• [Exercise brief] In the entries that follow, repeat exactly the lines from the one that has "You can take" through the one that has "Con el objetivo", but omit pictures.
● ● ●
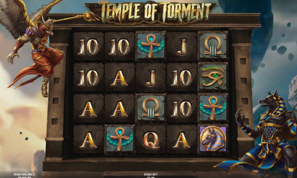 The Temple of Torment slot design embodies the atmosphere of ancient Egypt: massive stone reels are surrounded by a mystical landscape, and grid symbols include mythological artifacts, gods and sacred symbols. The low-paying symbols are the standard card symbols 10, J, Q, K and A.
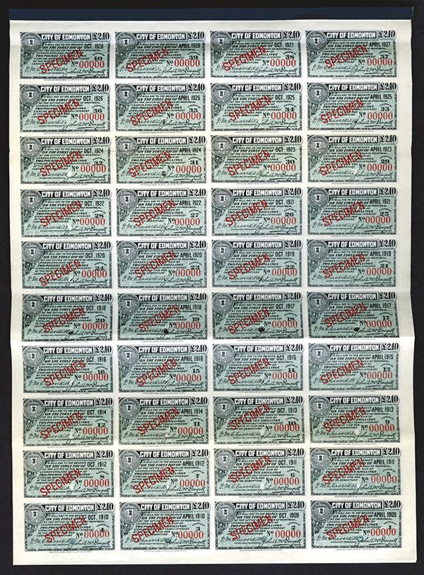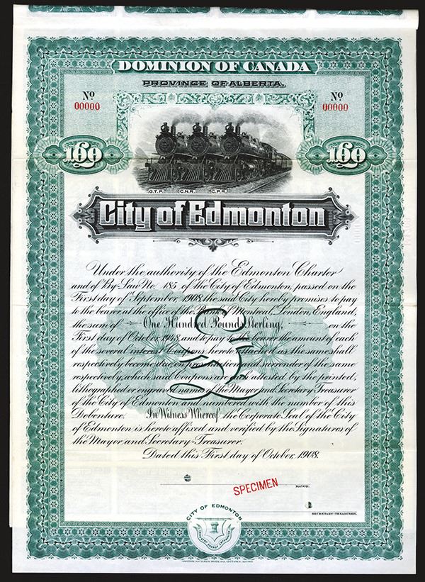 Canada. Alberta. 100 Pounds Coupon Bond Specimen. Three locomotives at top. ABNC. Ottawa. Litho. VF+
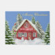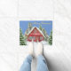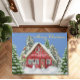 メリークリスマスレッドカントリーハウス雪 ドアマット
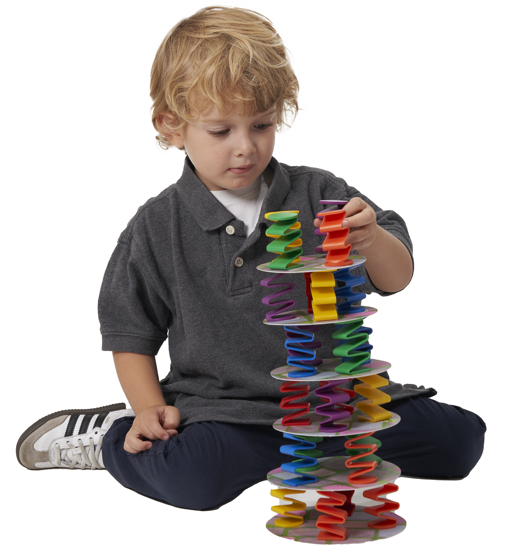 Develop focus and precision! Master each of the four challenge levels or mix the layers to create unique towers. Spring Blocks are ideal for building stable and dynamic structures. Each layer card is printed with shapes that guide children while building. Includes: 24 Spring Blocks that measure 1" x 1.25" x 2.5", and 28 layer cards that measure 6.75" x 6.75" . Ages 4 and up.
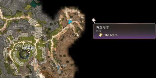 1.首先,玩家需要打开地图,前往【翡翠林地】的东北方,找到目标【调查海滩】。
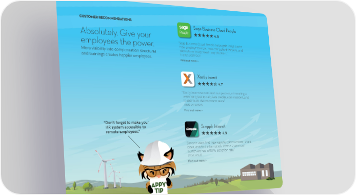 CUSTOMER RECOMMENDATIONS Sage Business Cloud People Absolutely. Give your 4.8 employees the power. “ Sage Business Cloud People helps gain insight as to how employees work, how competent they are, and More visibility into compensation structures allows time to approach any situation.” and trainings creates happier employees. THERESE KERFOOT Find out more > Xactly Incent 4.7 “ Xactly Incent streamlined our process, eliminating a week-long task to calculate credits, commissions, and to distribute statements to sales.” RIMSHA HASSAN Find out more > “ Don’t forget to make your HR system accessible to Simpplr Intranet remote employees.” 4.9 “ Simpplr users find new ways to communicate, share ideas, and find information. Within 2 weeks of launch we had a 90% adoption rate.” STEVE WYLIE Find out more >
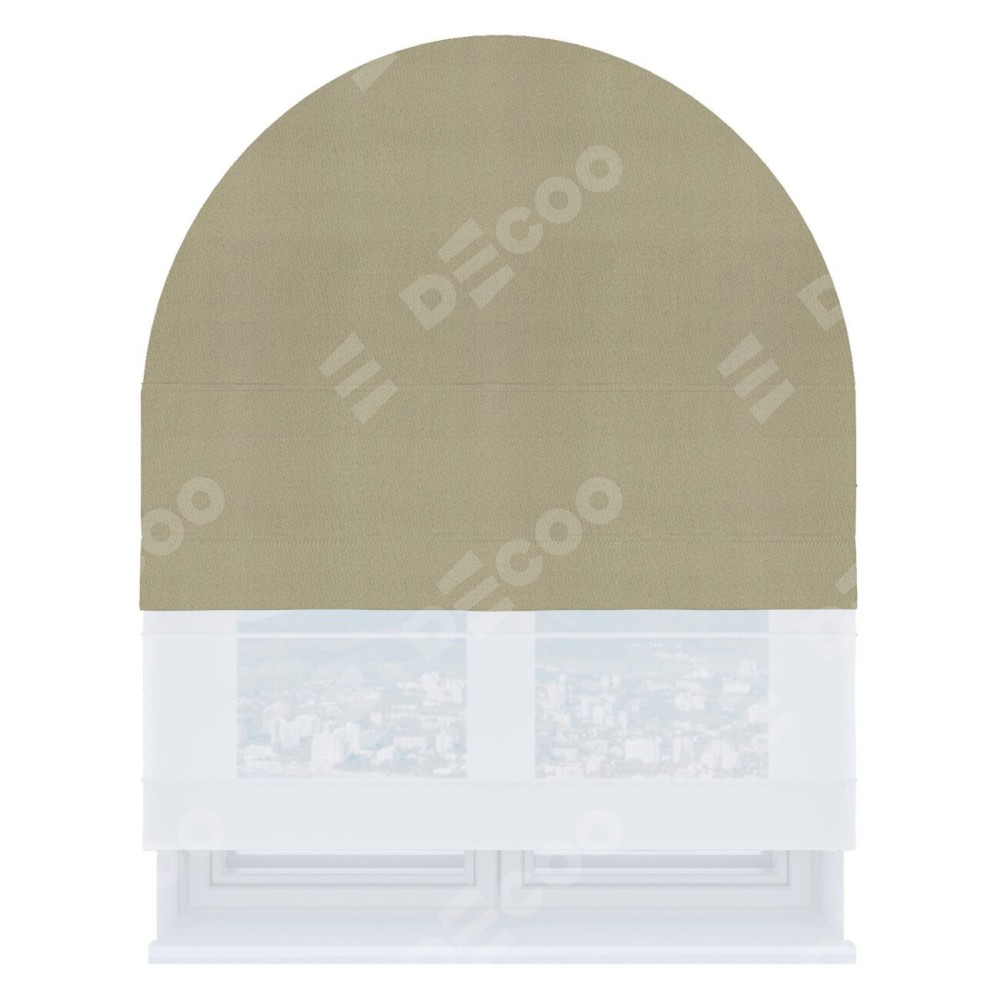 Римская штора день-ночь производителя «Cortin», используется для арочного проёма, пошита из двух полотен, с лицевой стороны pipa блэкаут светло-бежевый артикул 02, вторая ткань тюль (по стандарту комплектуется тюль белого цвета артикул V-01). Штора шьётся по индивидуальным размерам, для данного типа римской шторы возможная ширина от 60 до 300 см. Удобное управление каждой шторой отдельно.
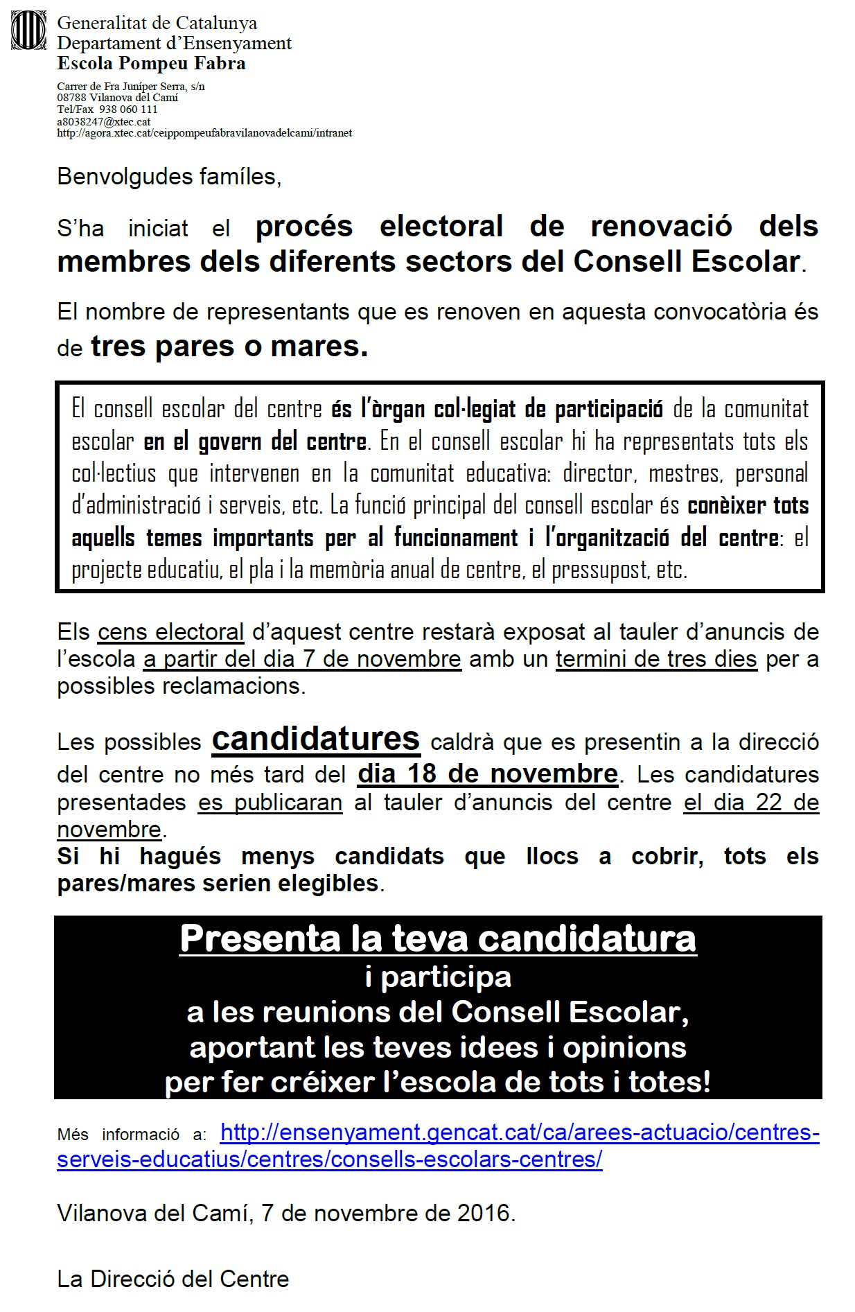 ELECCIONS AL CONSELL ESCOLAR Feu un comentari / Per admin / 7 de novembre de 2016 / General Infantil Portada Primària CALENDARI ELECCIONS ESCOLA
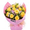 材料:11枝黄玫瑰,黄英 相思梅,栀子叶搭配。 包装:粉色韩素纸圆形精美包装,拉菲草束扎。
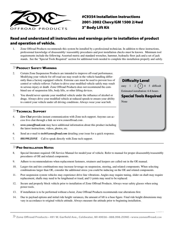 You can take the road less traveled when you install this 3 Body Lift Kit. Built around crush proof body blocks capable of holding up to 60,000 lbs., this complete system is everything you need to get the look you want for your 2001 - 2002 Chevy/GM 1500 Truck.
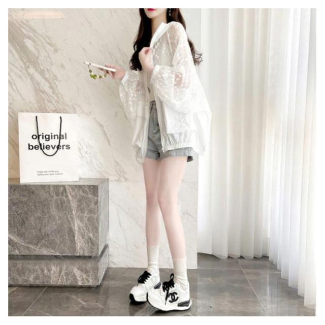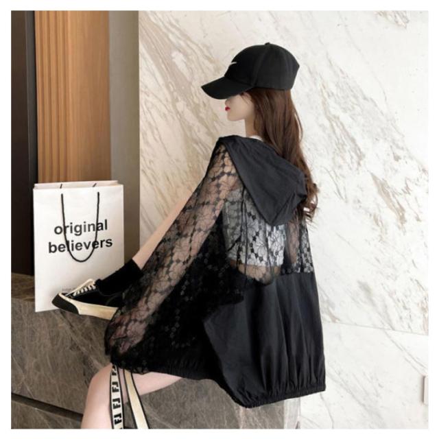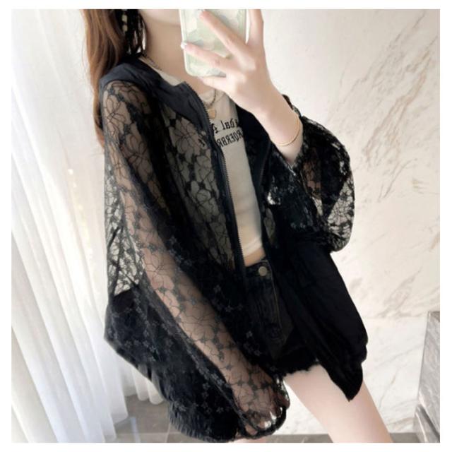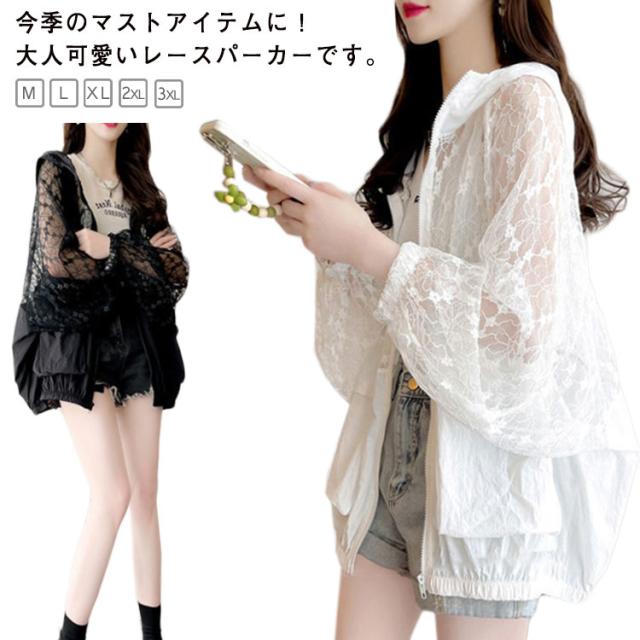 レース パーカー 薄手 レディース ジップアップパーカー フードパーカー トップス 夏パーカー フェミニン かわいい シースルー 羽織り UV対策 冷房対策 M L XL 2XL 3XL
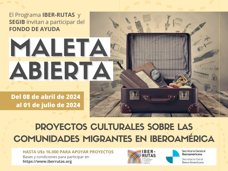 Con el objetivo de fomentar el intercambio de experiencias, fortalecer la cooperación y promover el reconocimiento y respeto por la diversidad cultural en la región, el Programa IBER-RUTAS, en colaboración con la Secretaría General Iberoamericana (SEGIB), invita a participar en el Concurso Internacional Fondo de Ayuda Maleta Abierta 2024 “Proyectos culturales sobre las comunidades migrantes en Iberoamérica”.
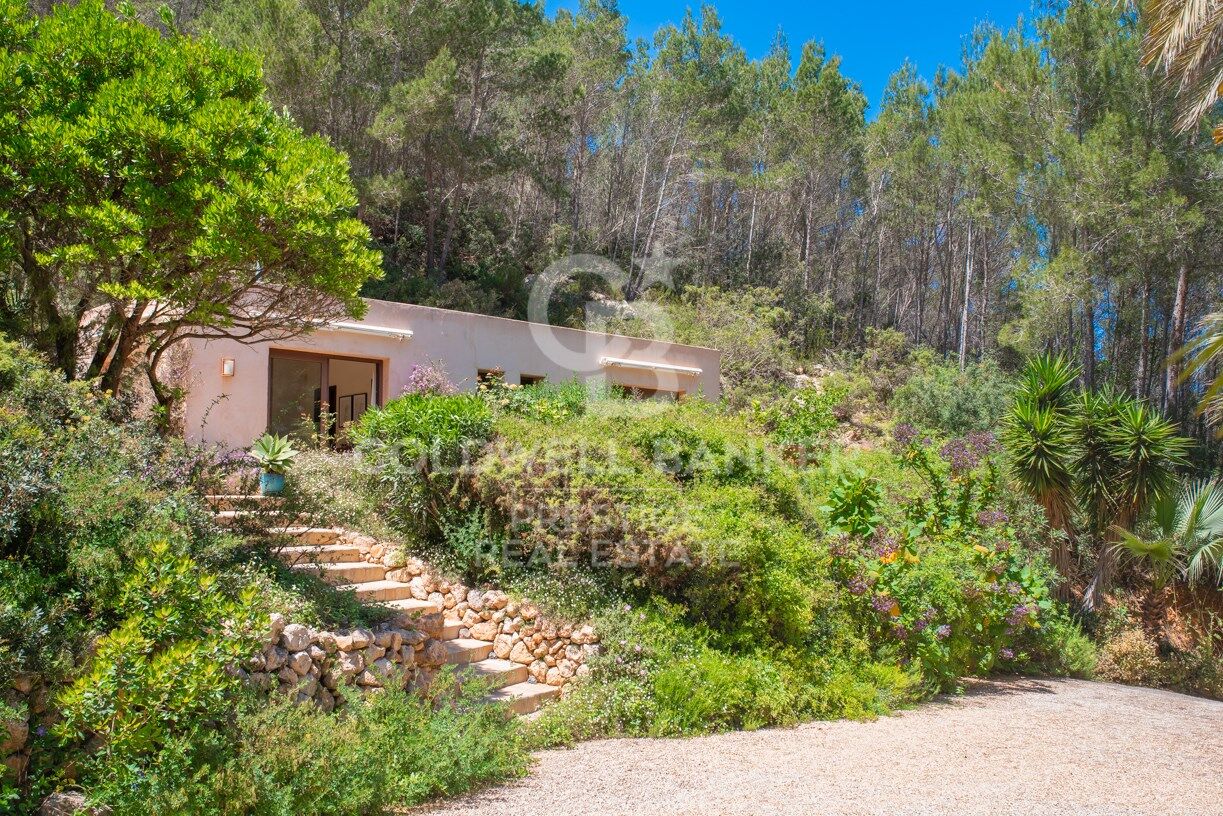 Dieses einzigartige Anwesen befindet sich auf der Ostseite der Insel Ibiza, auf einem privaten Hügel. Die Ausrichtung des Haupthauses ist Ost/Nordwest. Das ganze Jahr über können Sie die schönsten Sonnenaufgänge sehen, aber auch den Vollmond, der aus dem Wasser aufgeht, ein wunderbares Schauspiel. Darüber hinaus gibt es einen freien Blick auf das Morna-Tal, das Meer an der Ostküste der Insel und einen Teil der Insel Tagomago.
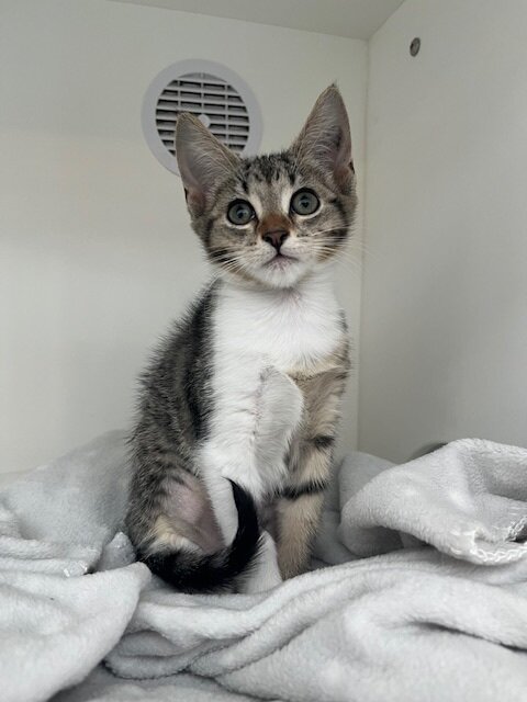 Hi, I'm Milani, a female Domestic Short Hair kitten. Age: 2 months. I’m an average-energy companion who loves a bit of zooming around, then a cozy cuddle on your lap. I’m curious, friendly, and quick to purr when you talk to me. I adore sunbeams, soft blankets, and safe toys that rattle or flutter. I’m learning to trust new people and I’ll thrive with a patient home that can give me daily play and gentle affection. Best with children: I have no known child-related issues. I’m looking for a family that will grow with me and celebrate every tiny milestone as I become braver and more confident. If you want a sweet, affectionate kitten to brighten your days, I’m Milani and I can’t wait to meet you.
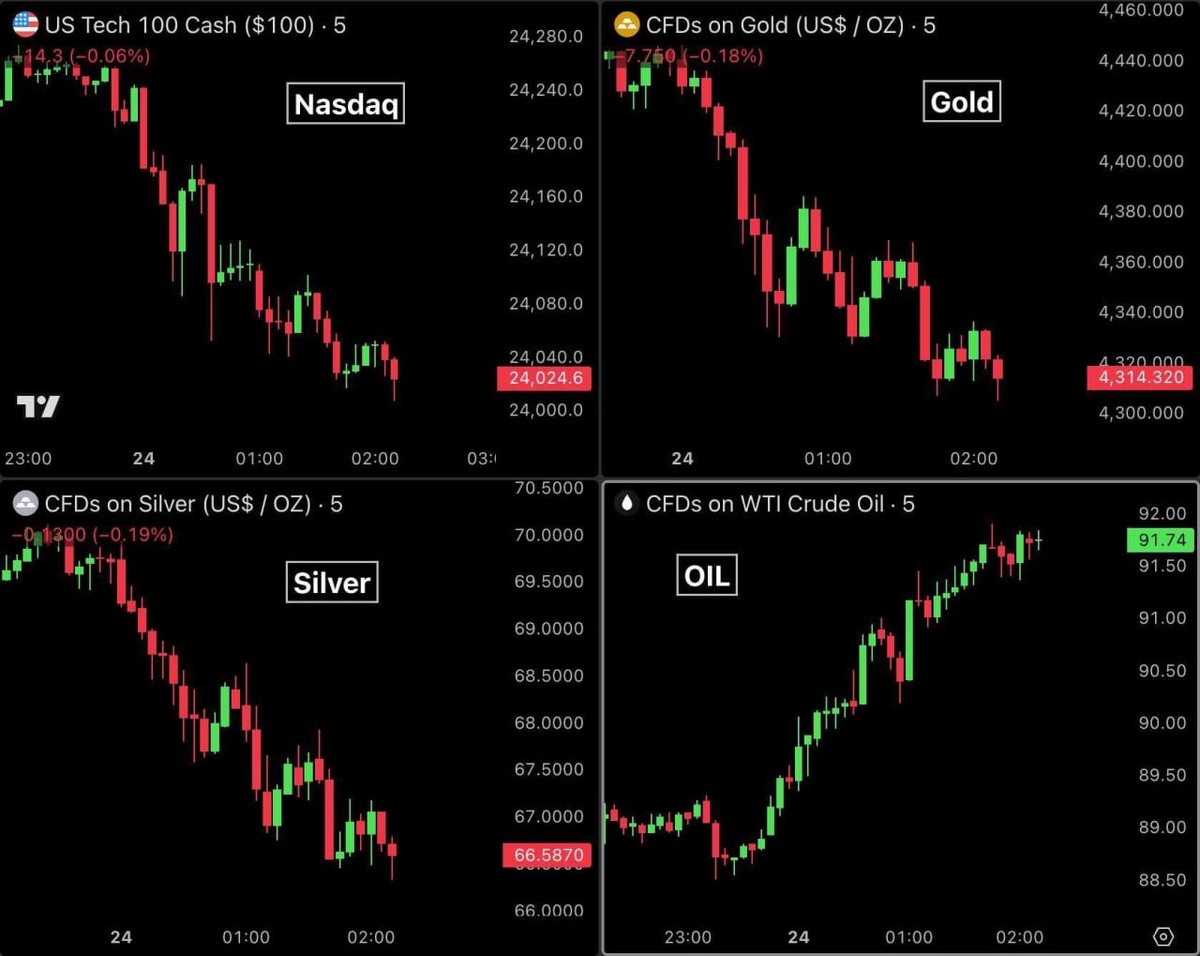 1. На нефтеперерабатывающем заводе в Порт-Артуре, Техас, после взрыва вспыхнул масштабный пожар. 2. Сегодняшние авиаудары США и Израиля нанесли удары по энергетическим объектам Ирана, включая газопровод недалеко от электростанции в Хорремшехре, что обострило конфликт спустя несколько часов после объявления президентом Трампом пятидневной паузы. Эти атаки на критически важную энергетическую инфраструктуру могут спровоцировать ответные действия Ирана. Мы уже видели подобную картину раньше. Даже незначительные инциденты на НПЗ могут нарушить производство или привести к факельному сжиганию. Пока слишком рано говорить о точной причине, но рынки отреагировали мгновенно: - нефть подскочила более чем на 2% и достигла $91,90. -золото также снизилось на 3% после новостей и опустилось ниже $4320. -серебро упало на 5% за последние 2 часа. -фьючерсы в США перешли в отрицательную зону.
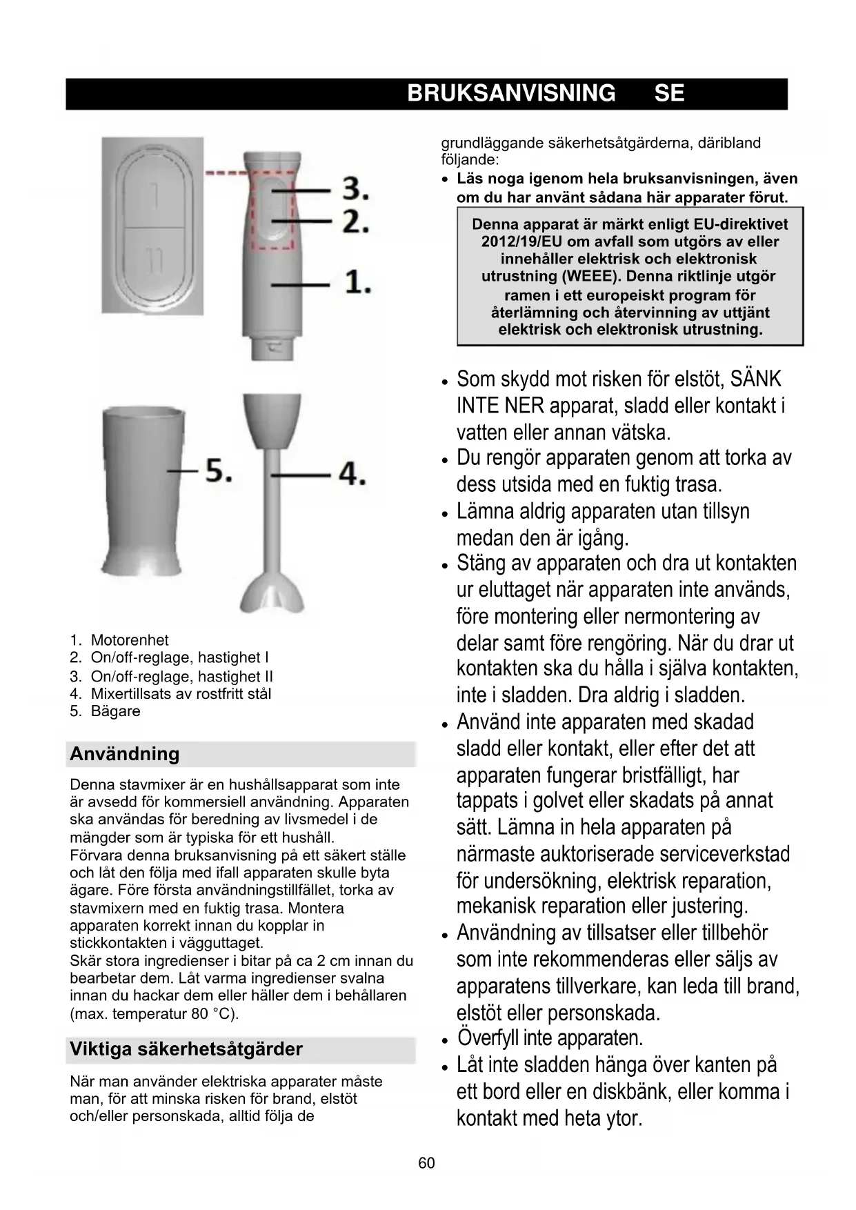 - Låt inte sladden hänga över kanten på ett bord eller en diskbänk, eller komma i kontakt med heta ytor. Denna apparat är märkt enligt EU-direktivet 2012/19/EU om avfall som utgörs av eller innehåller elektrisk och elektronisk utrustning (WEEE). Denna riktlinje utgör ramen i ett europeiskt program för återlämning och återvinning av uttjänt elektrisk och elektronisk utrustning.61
● ● ●
• [Result]
 You can take the road less traveled when you install this 3 Body Lift Kit. Built around crush proof body blocks capable of holding up to 60,000 lbs., this complete system is everything you need to get the look you want for your 2001 - 2002 Chevy/GM 1500 Truck.
 レース パーカー 薄手 レディース ジップアップパーカー フードパーカー トップス 夏パーカー フェミニン かわいい シースルー 羽織り UV対策 冷房対策 M L XL 2XL 3XL
 Con el objetivo de fomentar el intercambio de experiencias, fortalecer la cooperación y promover el reconocimiento y respeto por la diversidad cultural en la región, el Programa IBER-RUTAS, en colaboración con la Secretaría General Iberoamericana (SEGIB), invita a participar en el Concurso Internacional Fondo de Ayuda Maleta Abierta 2024 “Proyectos culturales sobre las comunidades migrantes en Iberoamérica”.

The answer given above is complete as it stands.